WHAT NEEDS TO BE DONE
Go through the data and report each line that holds the string "Dress".

-------- SUPPLIED ENTRIES --------

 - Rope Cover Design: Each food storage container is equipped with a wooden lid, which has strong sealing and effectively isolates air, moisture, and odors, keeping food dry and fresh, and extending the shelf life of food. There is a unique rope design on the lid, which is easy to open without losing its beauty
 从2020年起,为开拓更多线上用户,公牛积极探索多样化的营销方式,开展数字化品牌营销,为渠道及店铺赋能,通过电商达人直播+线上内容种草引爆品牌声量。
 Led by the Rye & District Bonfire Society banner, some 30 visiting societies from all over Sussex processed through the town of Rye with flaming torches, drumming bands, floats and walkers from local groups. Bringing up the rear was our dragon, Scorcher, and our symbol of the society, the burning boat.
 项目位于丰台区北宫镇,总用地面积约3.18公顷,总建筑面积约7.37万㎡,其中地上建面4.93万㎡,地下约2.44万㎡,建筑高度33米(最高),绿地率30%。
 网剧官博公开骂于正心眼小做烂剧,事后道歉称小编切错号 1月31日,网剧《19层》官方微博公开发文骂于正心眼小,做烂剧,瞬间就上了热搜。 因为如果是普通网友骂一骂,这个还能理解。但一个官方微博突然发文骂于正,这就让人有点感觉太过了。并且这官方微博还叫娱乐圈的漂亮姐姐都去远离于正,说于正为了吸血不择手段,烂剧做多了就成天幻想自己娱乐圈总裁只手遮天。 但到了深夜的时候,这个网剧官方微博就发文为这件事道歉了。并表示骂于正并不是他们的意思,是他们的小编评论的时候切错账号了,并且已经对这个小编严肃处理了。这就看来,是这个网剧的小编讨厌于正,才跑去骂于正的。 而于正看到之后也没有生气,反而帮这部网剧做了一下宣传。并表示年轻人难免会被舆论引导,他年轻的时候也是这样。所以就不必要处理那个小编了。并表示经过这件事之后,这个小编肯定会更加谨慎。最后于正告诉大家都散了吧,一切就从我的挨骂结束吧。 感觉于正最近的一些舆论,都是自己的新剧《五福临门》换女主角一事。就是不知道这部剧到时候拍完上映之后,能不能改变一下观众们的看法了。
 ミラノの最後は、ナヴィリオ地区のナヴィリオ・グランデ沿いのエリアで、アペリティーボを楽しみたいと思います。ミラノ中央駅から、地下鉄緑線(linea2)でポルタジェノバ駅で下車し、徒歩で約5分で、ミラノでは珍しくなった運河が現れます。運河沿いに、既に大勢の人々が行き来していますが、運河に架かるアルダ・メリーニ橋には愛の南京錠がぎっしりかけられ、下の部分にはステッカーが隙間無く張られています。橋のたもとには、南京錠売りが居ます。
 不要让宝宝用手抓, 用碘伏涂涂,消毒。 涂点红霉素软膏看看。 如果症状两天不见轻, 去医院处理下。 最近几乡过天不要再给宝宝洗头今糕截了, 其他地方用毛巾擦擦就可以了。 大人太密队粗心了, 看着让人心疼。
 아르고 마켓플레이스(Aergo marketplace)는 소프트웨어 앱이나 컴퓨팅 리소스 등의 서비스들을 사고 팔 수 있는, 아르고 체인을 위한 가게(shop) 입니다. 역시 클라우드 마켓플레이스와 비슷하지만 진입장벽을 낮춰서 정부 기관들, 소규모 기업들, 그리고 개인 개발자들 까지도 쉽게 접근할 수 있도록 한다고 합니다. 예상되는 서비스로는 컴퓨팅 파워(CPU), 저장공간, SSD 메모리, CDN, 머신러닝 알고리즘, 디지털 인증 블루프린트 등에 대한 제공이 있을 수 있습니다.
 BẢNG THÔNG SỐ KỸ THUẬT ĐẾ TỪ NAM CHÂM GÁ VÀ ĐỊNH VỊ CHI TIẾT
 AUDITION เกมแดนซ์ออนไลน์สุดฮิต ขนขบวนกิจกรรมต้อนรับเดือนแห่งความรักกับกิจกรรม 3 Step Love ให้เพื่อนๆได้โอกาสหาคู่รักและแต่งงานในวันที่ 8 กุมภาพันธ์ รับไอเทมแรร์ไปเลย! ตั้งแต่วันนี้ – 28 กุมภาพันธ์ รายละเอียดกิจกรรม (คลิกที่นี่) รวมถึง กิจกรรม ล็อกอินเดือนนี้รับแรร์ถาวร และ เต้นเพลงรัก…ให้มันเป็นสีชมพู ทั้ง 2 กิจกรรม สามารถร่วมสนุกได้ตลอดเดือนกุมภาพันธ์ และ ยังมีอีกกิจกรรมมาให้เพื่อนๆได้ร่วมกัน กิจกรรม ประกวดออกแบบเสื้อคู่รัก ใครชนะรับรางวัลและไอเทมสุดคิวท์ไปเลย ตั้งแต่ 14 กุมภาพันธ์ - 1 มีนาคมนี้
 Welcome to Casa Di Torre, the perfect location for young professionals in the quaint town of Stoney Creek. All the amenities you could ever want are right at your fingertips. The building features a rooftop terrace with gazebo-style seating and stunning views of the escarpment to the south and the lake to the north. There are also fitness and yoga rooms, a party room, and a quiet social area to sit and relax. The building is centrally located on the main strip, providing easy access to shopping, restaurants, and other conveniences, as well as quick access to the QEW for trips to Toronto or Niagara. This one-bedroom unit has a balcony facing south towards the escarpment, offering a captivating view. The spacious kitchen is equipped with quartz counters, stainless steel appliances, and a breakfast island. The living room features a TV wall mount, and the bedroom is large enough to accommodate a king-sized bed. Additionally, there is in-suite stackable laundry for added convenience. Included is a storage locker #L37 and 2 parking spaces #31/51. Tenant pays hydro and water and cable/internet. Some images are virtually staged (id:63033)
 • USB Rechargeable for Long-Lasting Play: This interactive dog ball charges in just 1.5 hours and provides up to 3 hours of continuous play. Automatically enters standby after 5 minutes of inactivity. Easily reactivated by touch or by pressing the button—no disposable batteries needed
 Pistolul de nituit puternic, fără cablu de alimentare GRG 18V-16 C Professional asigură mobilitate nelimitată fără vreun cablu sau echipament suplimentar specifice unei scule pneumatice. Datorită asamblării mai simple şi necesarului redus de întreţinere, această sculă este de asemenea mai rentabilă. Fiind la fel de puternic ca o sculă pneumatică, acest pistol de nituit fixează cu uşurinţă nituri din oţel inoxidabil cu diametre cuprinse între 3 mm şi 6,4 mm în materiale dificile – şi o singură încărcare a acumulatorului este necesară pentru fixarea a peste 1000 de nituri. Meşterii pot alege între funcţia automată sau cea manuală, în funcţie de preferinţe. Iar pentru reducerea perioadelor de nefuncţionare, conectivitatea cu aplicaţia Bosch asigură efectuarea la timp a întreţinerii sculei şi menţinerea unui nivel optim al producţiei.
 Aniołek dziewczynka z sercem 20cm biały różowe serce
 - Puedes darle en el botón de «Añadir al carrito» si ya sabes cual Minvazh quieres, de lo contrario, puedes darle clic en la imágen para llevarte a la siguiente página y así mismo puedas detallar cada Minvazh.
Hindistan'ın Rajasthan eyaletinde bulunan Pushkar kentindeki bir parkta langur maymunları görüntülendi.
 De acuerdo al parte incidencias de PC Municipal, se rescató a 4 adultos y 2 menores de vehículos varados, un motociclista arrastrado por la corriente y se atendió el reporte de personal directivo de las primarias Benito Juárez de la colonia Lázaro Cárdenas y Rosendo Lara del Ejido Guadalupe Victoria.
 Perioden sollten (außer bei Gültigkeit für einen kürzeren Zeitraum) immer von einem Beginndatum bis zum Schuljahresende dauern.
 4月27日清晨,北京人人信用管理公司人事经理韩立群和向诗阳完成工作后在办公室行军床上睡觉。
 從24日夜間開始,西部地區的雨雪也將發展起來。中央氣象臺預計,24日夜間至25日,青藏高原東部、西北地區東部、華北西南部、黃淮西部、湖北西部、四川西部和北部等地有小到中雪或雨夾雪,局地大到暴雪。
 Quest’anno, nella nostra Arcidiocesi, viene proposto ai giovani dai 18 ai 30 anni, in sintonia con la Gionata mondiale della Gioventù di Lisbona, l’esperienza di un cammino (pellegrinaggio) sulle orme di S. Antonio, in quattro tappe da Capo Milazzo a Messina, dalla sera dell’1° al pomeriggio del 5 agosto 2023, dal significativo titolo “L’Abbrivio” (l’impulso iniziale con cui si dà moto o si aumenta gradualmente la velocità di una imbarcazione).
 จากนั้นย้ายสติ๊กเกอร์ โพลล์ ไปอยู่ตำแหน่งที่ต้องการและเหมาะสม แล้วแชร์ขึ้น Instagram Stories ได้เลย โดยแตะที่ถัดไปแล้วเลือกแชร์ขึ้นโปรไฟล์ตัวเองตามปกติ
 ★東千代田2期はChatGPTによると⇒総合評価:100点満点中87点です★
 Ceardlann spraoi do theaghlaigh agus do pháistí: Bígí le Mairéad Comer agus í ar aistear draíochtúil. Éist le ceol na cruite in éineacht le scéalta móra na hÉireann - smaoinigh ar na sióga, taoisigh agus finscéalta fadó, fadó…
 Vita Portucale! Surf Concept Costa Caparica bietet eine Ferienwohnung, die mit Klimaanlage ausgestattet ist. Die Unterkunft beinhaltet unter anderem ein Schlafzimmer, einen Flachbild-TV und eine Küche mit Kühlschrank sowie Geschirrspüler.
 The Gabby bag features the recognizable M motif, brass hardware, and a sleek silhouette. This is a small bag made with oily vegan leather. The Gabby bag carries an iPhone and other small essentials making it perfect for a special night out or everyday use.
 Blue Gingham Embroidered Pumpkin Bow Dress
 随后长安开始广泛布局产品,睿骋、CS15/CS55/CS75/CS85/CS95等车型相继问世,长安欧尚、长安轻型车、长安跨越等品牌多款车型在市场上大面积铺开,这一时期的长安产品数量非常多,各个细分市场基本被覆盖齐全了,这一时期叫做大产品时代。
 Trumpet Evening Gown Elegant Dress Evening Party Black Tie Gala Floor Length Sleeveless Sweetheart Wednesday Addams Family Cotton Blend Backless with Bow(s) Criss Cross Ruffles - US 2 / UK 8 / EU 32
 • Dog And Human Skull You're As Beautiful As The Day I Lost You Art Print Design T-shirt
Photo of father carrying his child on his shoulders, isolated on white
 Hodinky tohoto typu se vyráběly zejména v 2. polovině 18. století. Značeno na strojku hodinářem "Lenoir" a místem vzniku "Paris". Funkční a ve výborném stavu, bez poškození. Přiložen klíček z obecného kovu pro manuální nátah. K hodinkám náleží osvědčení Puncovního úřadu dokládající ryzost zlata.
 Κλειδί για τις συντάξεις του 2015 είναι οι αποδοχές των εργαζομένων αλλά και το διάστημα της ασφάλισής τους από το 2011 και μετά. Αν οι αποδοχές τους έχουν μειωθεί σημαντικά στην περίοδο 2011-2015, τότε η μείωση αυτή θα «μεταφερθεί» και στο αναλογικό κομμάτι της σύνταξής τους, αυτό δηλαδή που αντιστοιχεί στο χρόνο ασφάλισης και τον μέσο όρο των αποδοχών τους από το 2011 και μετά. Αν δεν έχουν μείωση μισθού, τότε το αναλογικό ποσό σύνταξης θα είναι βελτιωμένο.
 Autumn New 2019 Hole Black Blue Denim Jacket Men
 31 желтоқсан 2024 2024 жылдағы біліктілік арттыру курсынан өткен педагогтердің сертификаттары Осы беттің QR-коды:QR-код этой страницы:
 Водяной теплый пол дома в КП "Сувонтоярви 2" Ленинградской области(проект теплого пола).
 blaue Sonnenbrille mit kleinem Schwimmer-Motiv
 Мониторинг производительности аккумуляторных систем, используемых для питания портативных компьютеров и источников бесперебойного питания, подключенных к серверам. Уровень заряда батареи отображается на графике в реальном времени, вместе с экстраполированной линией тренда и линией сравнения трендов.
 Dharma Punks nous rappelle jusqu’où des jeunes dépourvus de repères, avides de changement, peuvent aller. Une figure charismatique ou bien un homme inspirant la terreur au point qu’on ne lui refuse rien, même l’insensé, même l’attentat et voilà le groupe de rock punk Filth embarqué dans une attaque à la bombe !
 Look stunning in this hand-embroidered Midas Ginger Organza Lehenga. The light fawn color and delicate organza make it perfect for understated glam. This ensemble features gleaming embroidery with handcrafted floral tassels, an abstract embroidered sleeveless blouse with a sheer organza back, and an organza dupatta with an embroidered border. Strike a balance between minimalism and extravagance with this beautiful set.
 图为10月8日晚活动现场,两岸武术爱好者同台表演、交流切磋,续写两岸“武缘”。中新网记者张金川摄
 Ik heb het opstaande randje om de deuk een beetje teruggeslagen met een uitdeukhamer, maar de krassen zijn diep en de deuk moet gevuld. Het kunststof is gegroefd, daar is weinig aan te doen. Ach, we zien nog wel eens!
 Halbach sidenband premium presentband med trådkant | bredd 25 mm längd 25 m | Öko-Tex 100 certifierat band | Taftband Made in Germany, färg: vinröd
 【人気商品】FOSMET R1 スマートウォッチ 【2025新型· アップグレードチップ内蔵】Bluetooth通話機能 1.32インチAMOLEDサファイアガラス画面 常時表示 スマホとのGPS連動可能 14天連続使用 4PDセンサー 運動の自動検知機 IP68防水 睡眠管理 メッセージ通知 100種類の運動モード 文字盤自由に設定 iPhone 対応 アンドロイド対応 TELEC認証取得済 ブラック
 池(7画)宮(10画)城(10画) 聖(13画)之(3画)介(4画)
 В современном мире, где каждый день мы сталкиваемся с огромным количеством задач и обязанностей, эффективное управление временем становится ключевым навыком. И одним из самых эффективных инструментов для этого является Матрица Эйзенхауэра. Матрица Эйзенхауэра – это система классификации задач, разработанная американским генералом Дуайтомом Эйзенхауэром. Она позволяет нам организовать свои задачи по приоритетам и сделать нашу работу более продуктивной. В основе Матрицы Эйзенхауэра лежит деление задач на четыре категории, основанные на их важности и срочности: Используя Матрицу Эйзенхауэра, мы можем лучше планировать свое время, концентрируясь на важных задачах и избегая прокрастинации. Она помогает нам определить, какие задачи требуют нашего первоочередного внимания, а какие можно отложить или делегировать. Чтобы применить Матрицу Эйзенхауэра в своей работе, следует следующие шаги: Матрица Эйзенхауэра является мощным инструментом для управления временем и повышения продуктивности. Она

--------

EXPECTED OUTPUT
 Blue Gingham Embroidered Pumpkin Bow Dress
 Trumpet Evening Gown Elegant Dress Evening Party Black Tie Gala Floor Length Sleeveless Sweetheart Wednesday Addams Family Cotton Blend Backless with Bow(s) Criss Cross Ruffles - US 2 / UK 8 / EU 32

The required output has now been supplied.